Image acquisition and analysis
MRI scans of the paranasal sinuses, orbits and brain were performed on either 1.5-Tesla or 3.0-Tesla scanners. Sequences conducted included a combination of T1- and T2-weighted imaging (T1 and T2), fat-supressed contrast-enhanced T1 (T1 FS CE), fat-supressed T2 (T2 FS) and diffusion weighted imaging (DWI) with apparent diffusion coefficient (ADC) map**. Scans were reviewed by two experienced radiologists (SP and WL), noting the absence or presence, and pattern of orbital involvement (e.g., extraocular muscle, lacrimal gland, orbital apex, optic nerve and sheath involvement) and regional (e.g., paranasal sinuses) structures.
Statistical analysis
Statistical analysis was performed with SPSS (IBM Corporation, New York). Where applicable, results are expressed as means ± standard deviation (σ) and presented in relevant tables. Differences in means were analysed by the Independent Sample’s t test with p < 0.05 deemed statistically significant. Fisher’s exact test was used to analyse clinical and radiological associations between IFOI and OC.
Results
Patient demographics and clinical features
Twenty-two MRI scans from twenty-two patients presenting between 2006 and 2023 were included. Seven IFOI and ten OC cases had contrast-enhanced scans, and eight IFOI and ten OC cases also had DWI. Table 1 summarises the patient demographics.

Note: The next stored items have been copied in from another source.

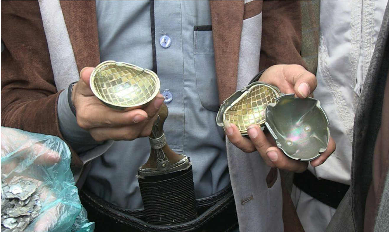
بقايا القنابل العنقودية في اليمن

خلال الصيف عملياته لتشمل تقديم دعم ميداني مباشر لها من خلال إرسال قوات ومعدات، والقيام بتدريب المقاتلين. وواقعت أعمال العنف في اليمن بين منتصف آذار/مارس وأواخر كانون الأول/ديسمبر 2015 نحو ستة آلاف قتيلاً بينهم 2795 مدنياً ونحو 28 ألف جريح ضمنهم نحو خمسة آلاف مدني، وفقاً لاجهزة الأمم المتحدة.
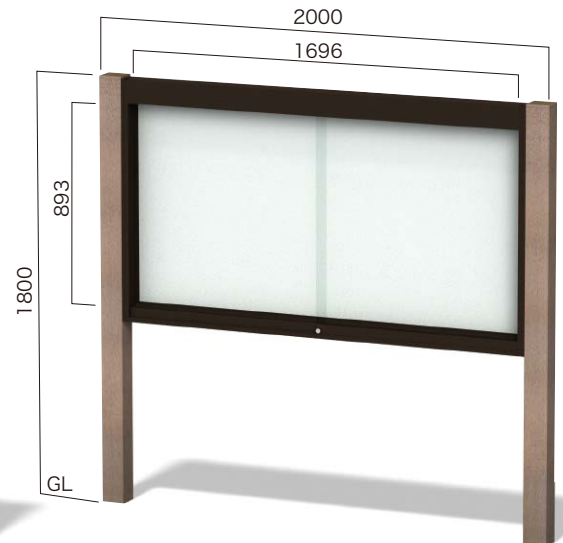
RGP-1810 照明なし ガラス引違いタイプ 設計価格 ¥316,000(外税) 埋込寸法 500mm 本体重量 59kg リサイクルエコウッド支柱
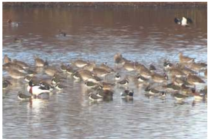
Wulpen en veel meer
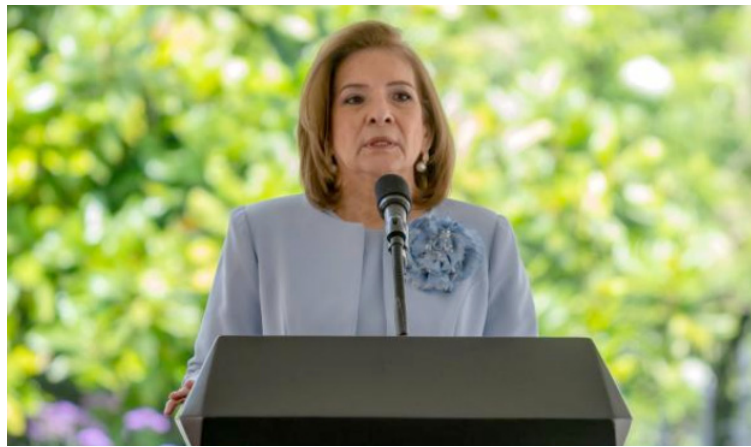
En concepto de la Procuradora es "inadmisible la pretensión del Jefe de Estado de instrumentalizar la crisis en La Guajira".

En concepto del Ministerio Público, es "inadmisible la pretensión del presidente de la República de instrumentalizar la crisis que enfrenta La Guajira para obtener facultades legislativas excepcionales por medio de la declaración de un Estado de Emergencia,
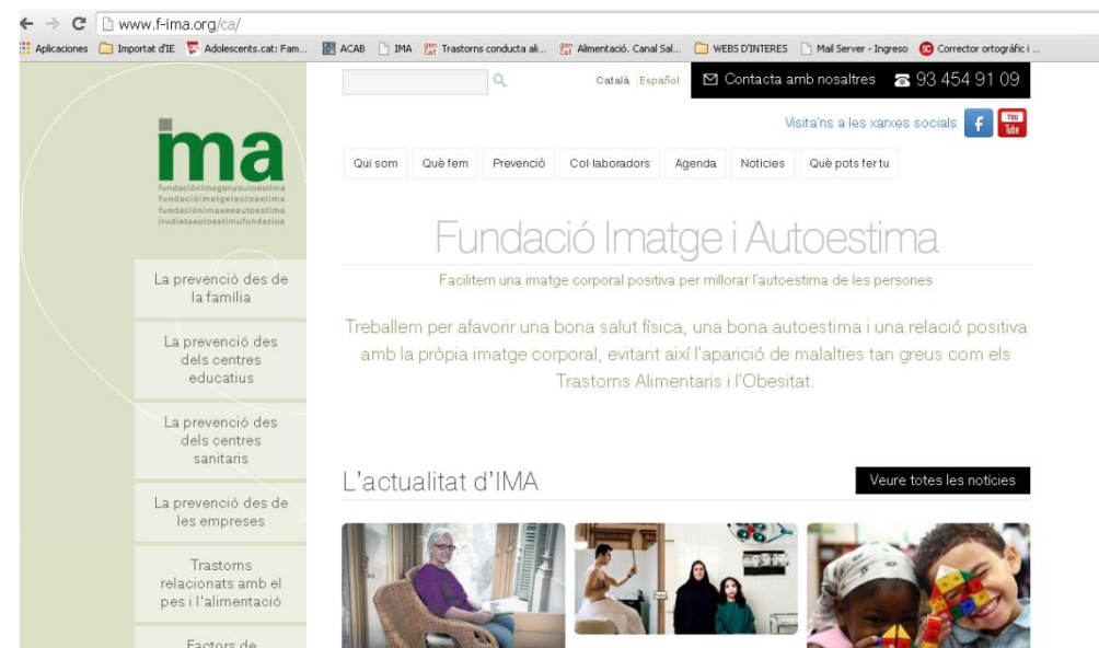
Pàgina principal de la nova web de Fundació IMA

La nova website aporta documentació en format guies, llibres, articles, àudios, working papers, test, qüestionaris i altres publicacions per a famílies, educadors i educadores i empresa per a la prevenció dels trastorns de la conducta alimentària. Aquestes guies ofereixen informació actualitzada sobre els trastorns de la conducta alimentària, pautes per a la seva detecció precoç i les recomanacions per a la seva prevenció. L'accés a aquest material és lliure, gratuït i accessible a qualsevol persona.
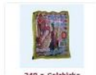
300 g - Gelatina

4- Llena los datos que le solicitan, sería su paso 1 de 6..
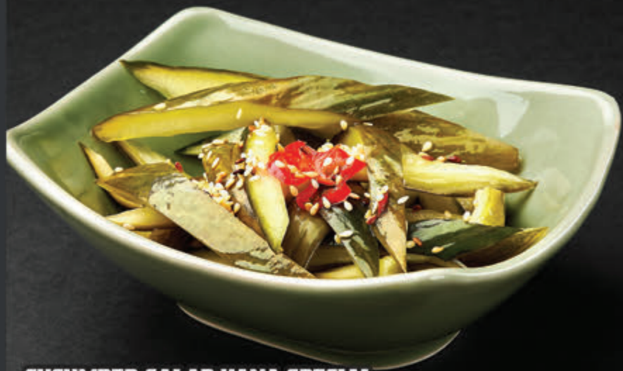
CUCUMBER SALAD HANA SPECIAL
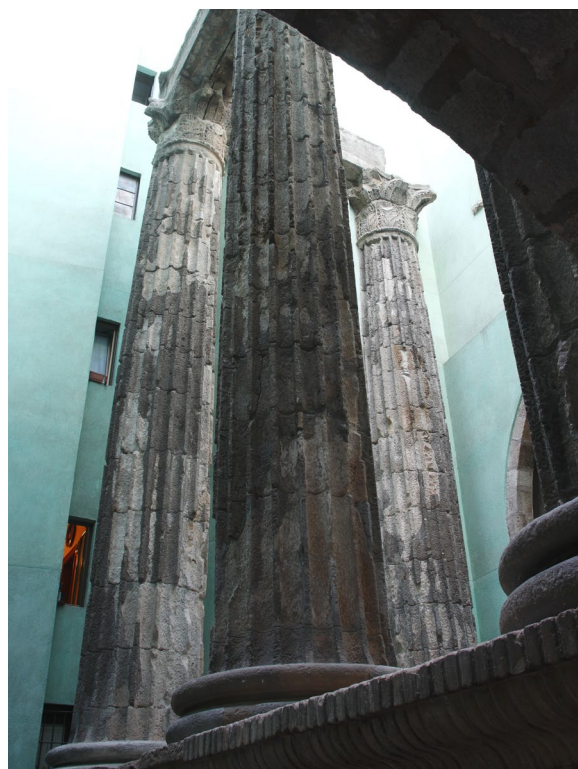
▲ TEMPLE D'AUGUSTE

Les vestiges de l'époque médiévale sont répartis dans tout le quartier de Ciutat Vella . La Plaça del Rei , compte parmi les lieux les plus intéressants, avec son Palau del Lloctinent (palais du lieutenant) et l'imposant Palau Reial Major . Ne manquez pas de visiter aussi les églises voisines. Les plus remarquables restent la basilique gothique Santa Maria del Pi , la basilique Santa María del Mar et le monastère roman de Sant Pere de les Puelles .
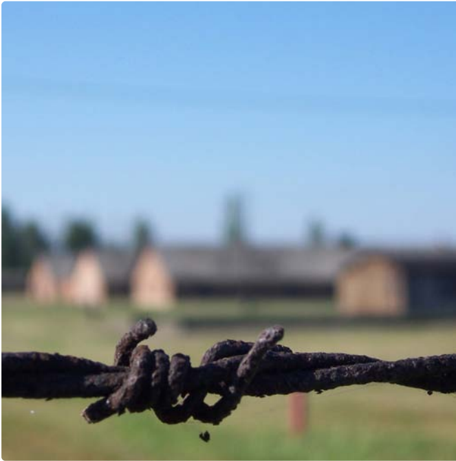
Stacheldrahtzaun im Frauenlager von Auschwitz-Birkenau, durch den verschiedene Lagerabschnitte innerhalb eines Konzentrationslagers voneinander abgegrenzt wurden.

am 27./28. Februar 1933 erlassen hatte. Sie berechtigte dazu, eine Person auf unbestimmte Zeit zu inhaftieren, ohne dass tatsächlich ein Verstoß gegen geltendes Recht vorliegen musste, sondern auf die bloße Annahme hin, die Person „gefährde die Sicherheit von Volk und Staat“. Da zudem keine Möglichkeit der Berufung auf höhere Instanzen vorgesehen war, bildete die so genannte „Schutzhaft“ ein wirksames Instrument zur Ausschaltung politischer Gegner. Die auf diese Weise „vorbeugend in Gewahrsam genommenen“ Personen wurden zunächst in Polizei- und Justizgefängnissen festgehalten; da deren Kapazitäten aber schon sehr bald nicht mehr ausreichten, musste man andere Möglichkeiten zur Unterbringung der Gefangenen finden. In diesem Zusammenhang entstand am 22. März 1933 auf Befehl des Reichsführers SS Heinrich Himmler das erste reguläre Konzentrationslager in Dachau bei München. Ab dem 26. April 1934 durfte die „Schutzhaft“ nur mehr in Polizei- und Justizgefängnissen oder aber in Konzentrationslagern vollstreckt werden, ab dem 25. Januar 1938 nur noch in Konzentrationslagern. Die Bewachung erfolgte grundsätzlich durch die SS.
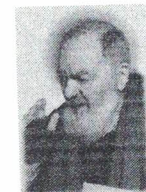
Associazione Padre Pio Servizi Formativi e per il lavoro
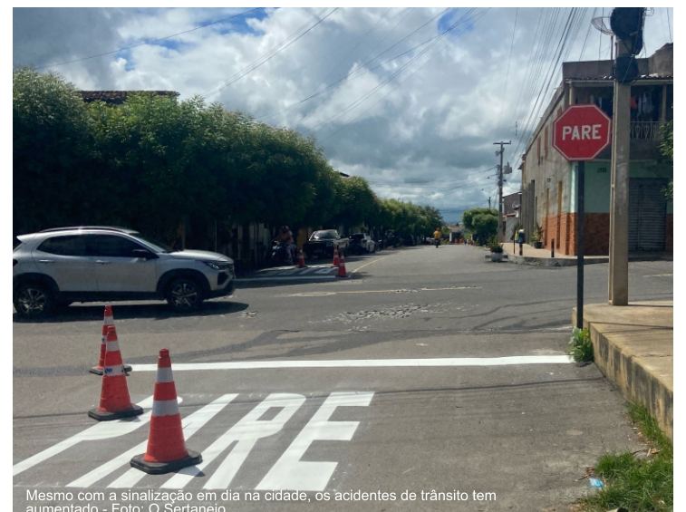
Mesmo com a sinalização em dia na cidade, os acidentes de trânsito tem aumentado
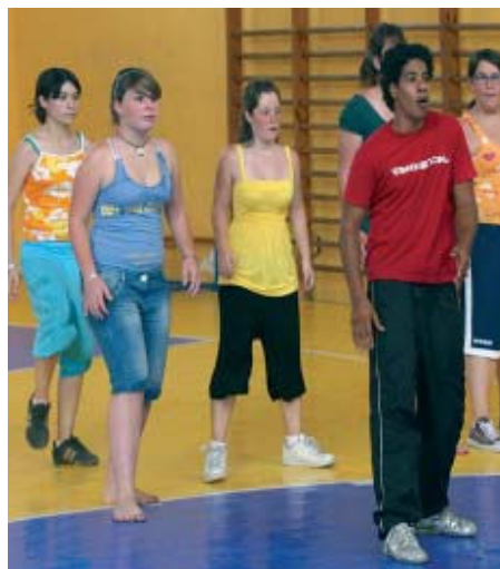
El curs de hip-hop ha tingut molt bona acollida entre les més joves

Per primer cop l'Institut Municipal d'Esports i Lleure (IME) ofereix un taller de hip-hop per a majors de 12 anys. Aquesta activitat és una de les novetats que s'emmarca dins del programa estiuenc. El taller de hip-hop es fa els dimarts i dijous, de 18.30 a 20h, al Gimnàs Municipal de la Zona Esportiva Centre des del 17 de juny fins al 22 de juliol. El taller compta amb la participació d'una vintena de joves que vol aprendre els passos d'aquesta disciplina provinents dels ritmes afroamericans i hispanoamericans | NS
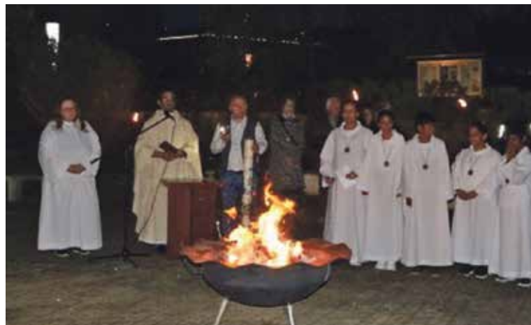
Osternacht in Dreikönig: Start beim Osterfeuer auf dem Vorplatz der Kirche.
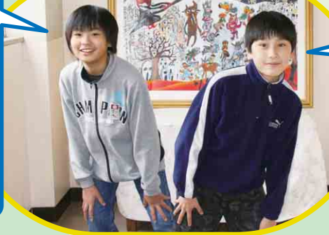
教頭先生納得のポーズが決まりました！

宿題を早い時間に終わらせるの、習いごとのピアノを頑張りたい！ 学校では苦手な算数と社会をしつかり勉強して、テストで良い点数がとりたいです。
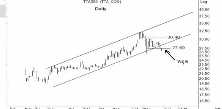
Figure 5: TTAZ09 Futures
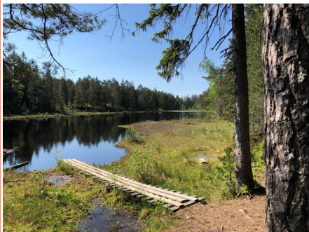
Ringnestjerna juni 2021, Lillestrøm kommune.

Det er utarbeidet retningslinjer for hogst i kantsoner langs vassdrag. Hvordan dette skal praktiseres i forhold til vannressursloven blir oppsummert slik:
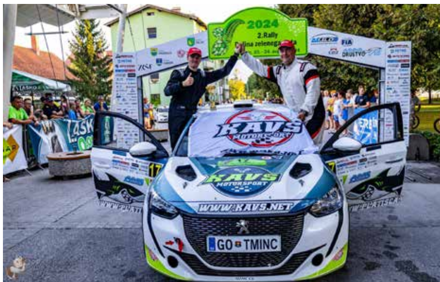
podelitev Rally Dolina zelenega zlata (Peugeot 208)
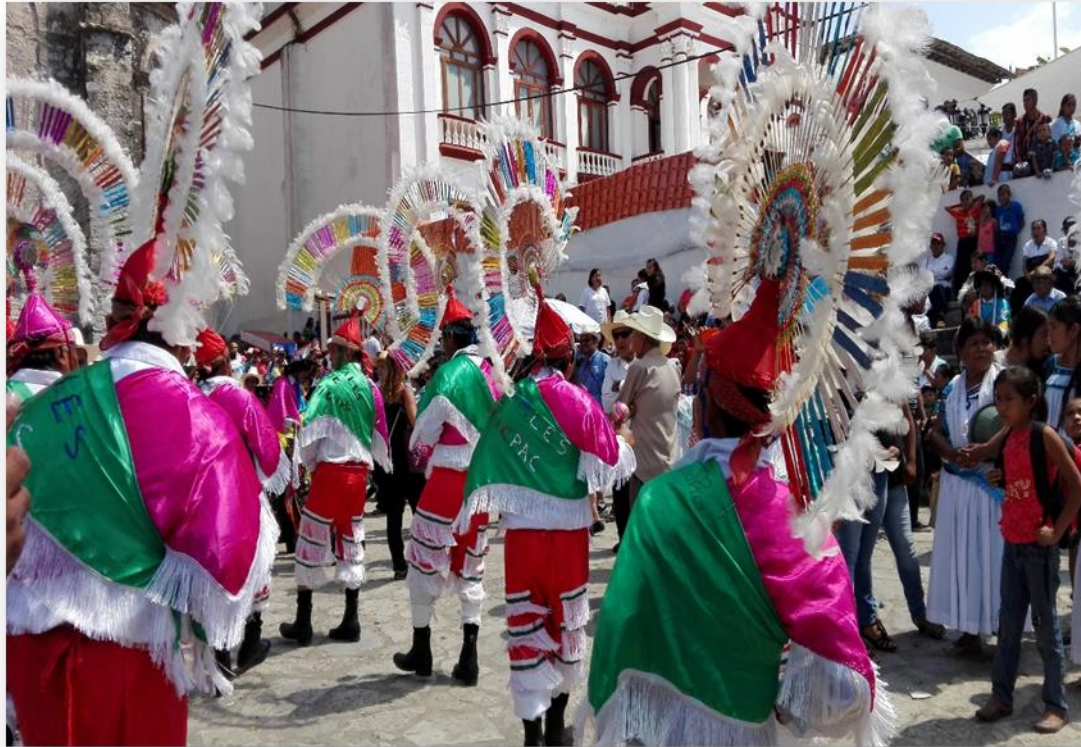
Imagen 4. Danza de los Quetzales o Cuetzalines

Foto: Paz Cuahutle Gaytán, realizada el 4 de octubre de 2015, en la explanada de la iglesia de San Francisco de Asís.
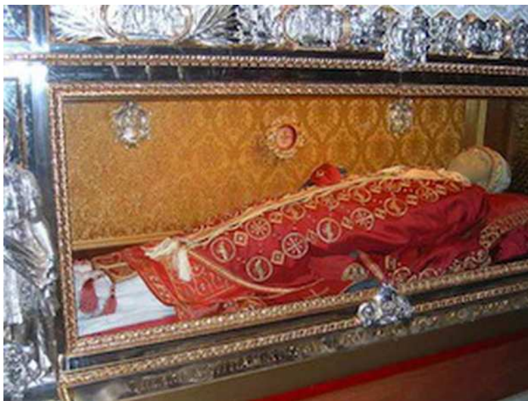
L'urna con le spoglie mortali di papa San Gregorio VII custodite nella cattedrale di Salerno

Ma l'imperatore è il tedesco Enrico IV, 25 anni, re in Germania e in Italia. Egli sfida apertamente il Papa facendo eleggere a Milano un vescovo di sua fiducia. Gregorio protesta vivacemente, ma Enrico, sostenuto da 30 vescovi tedeschi riuniti a Worms, dichiara deposto il papa ("il falso monaco Ildebrando", si legge nel documento). Gregorio VII scomunica Enrico, che per questo rischia di perdere il trono; vescovi e principi tedeschi gli impongono allora di riconciliarsi col Papa, in un incontro a Worms previsto nel febbraio 1077. Ma Enrico già in gennaio è davanti al Papa, che era ospite nel castello di Matilde di Canossa, sua fervente sostenitrice ma anche cugina dell'imperatore; questi si presenta al portone del castello indossando il saio dei penitenti, ma il Papa lo fa aspettare tre giorni e tre notti prima di riceverlo e di
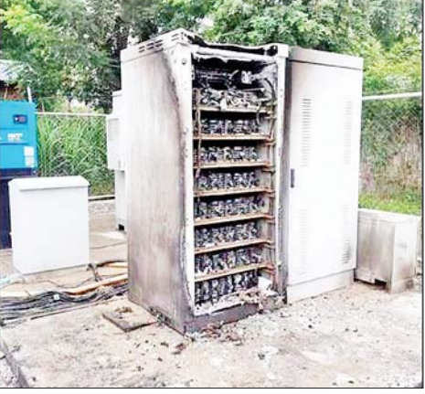
သပိတ်ကျင်းမြို့နယ်ရှိ Ooredoo ဆက်သွယ်ရေးတာဝါတိုင်အောက်ခြေရှိ စက်ပုံးအား အကြမ်းဖက်သူများက ဖျက်ဆီးထားမှုကို တွေ့ရစဉ်။
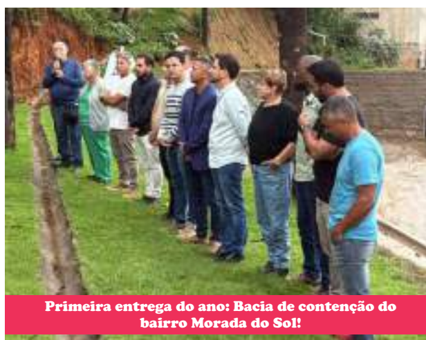
Primeira entrega do ano: Bacia de contenção do bairro Morada do Sol!
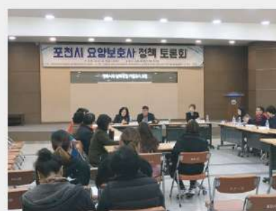
요양보호사 처우개선을 위하여 정책 토론회 개최
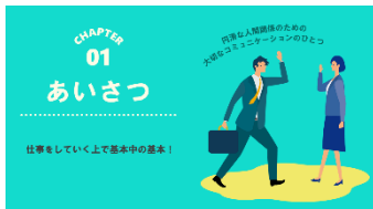
B-01 基本的なあいさつ
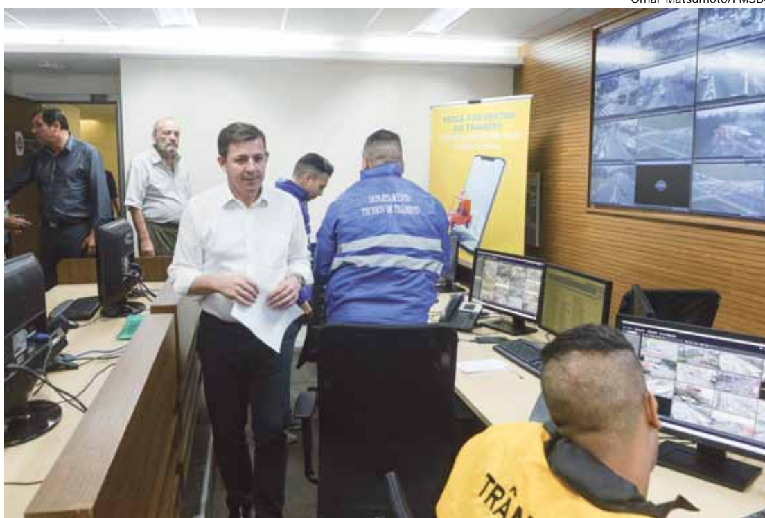
Morando: "é mais um canal para dar eficiência para nossos motoristas que buscam rotas alternativas"

Desenvolvido pela Secretaria de Comunicação, em parceria com a Secretaria de Transportes e Vias Públicas, por meio do Departamento de Trânsito de São Bernardo, e a Secretaria de Segurança Urbana, o canal entra em funcionamento hoje (19) no aplicativo São Bernardo na Palma da Mão , disponível nas lojas App Store e no Google Play. Os boletins da plataforma
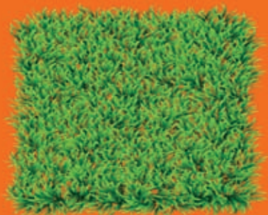
erba del giardino
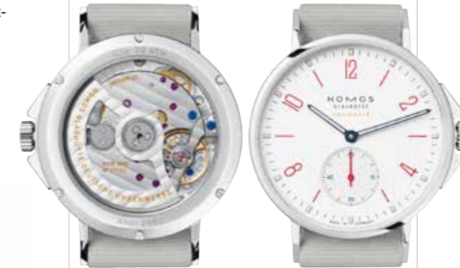
Ahoi neomatik signalweiß Kaliber DUW 3001, Edelstahl, 36,3 mm, Saphirglasboden, Stundenindizes mit Superluminova, Textilband € 3.240,-

Zeitmesser mit klarlinigem Design und in exzellenter „Made in Germany“- Qualität zeichnen die Kollektionen der 1990 gegründeten Manufaktur aus, die die Tradition deutscher Uhrma- cherkunst hochleben lässt.
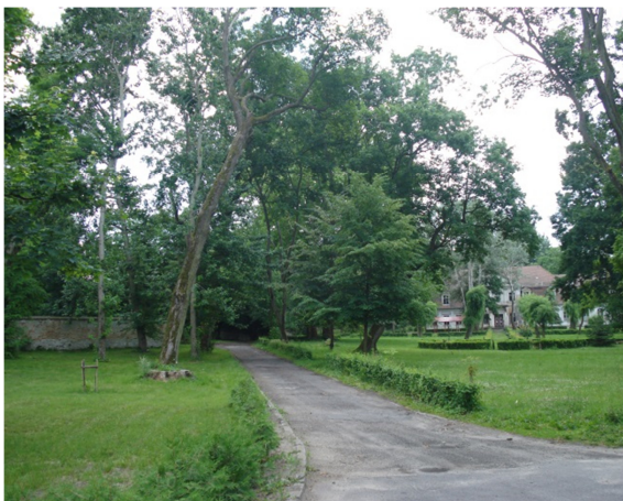
Fot. 13. Założenie parkowe z XVIII wieku w Białej
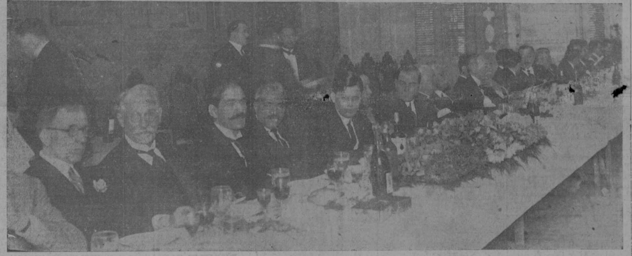
La presidencia del banquete celebrado ayer en los salones del Centro Gallego, en honor nuestro Director.

Acompañado de una Comisión de Centro de Detallistas y Centro de Cafés, llegó al Centro Gallego el doctor Rivero. Y su llegada fué objeto de una grandiosa ovación que le tributaron, así el público apostado a la entrada del Palacio de los gallegos, como la concurrencia que le esperaba en el salón.
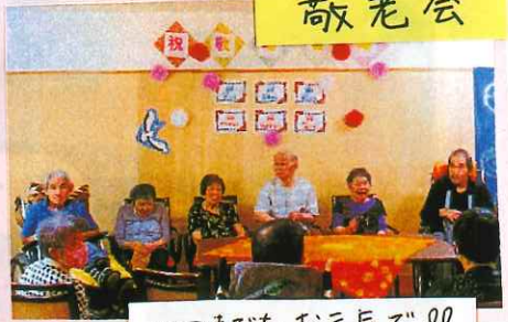
いつまでもお元気で!!
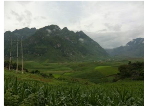
Hình ảnh khung cảnh của địa điểm thực hiện chương trình ở huyện Tuần Giáo

Trong tầm nhìn 10 năm của Tập đoàn Morinaga Milk Industry đã đặt mục tiêu đạt “tỷ lệ doanh thu nước ngoài từ 15% trở lên” trước khi kết thúc năm tài chính vào cuối tháng 3 năm 2029. Chúng tôi đã thiết lập cơ sở sản xuất và kinh doanh tại Việt Nam vốn là một trong những quốc gia được chú trọng trong việc phát triển kinh doanh ở nước ngoài của chúng tôi. Ngoài ra, chúng tôi cũng mong muốn được chung tay trong việc giải quyết vấn đề sức khỏe và dinh dưỡng của địa phương để thực hiện việc “Đóng góp cho sức khỏe” trong chiến lược “Thực phẩm và sức khỏe (góp phần nâng cao sức khỏe của 300.000.000 người)* 4 bằng cách mang lại các giá trị chất lượng cao chỉ có ở Tập đoàn

All cases of OC and IFOI were treated with appropriate antimicrobial therapy (i.e., antibiotics or antifungals). Of the patients with IFOI, seven patients had an initial suspicion of an invasive fungal pathology due to risk-factors (e.g.: immunocompromise), clinical features (e.g.: necrotic tissue on naso-endoscopy) and extensive radiological features. In the remaining four patients, there was initial diagnostic uncertainty, with diagnoses including pre-septal cellulitis, bacterial orbital cellulitis or a metastatic neoplastic process. A diagnosis of IFOI was subsequently made following clinical deterioration or poor response to isolated antibiotic therapy which prompted repeat imaging and/or surgical intervention. Notably, all IFOI cases received empirical antibiotics at some time during the course of their treatment. Eleven cases (100%) of OC and nine cases (81.8%) of IFOI required surgical intervention. Nine OC cases compared with two IFOI cases proceeded to have complete clinical resolution with no residual ocular symptoms. One OC patient had vision loss to hand movements. Visual prognosis was poor in IFOI, with three patients proceeding to exenteration/enucleation, three patients experiencing visual compromise (i.e., persistent optic neuropathy) and one patient death. One case of OC and IFOI each, were lost to follow-up and long-term outcomes not recorded.
Radiological features
In OC, the ethmoid (11/11, 100%) and maxillary sinuses (10/11, 90.9%), were most commonly affected, with sphenoid sinus (4/11, 36.4%) less commonly involved. Similarly, the ethmoid (11/11, 100%) and maxillary sinus (9/11, 81.8%) were also commonly affected in IFOI and thus, non-differentiating (p value = 0.586 and 1.0, respectively). However, the sphenoid sinus (9/11, 81.8%) was more commonly involved in IFOI, albeit not a statistically significant level (p value = 0.08). Both entities demonstrated opacification, mucosal-thickening or air-fluid levels indicative of paranasal sinus disease. However, of those with contrast-enhanced imaging, four cases (4/7, 57.1%) of IFOI also demonstrated loss of contrast-enhancement (LoCE) in regions of the paranasal sinus (Figs. 1A, B and 2A). In patients who had DWI sequences, regions of the paranasal sinus in both OC and IFOI demonstrated restricted diffusion, and in some IFOI cases, also extended towards the orbital apex (Figs. 3 and 4). Permeative bony de-ossification (8/11, 63.6%) and bony sclerosis (1/11, 9.1%) were observed in IFOI patients on CT (Figs. 4 and 5). Meanwhile, only 2 IFOI cases (18.2%) demonstrated no orbital bone abnormalities. Eight patients (72.7%) with OC had bony de-ossification, primarily centred along the medial and/or supero- or infero-medial orbital wall.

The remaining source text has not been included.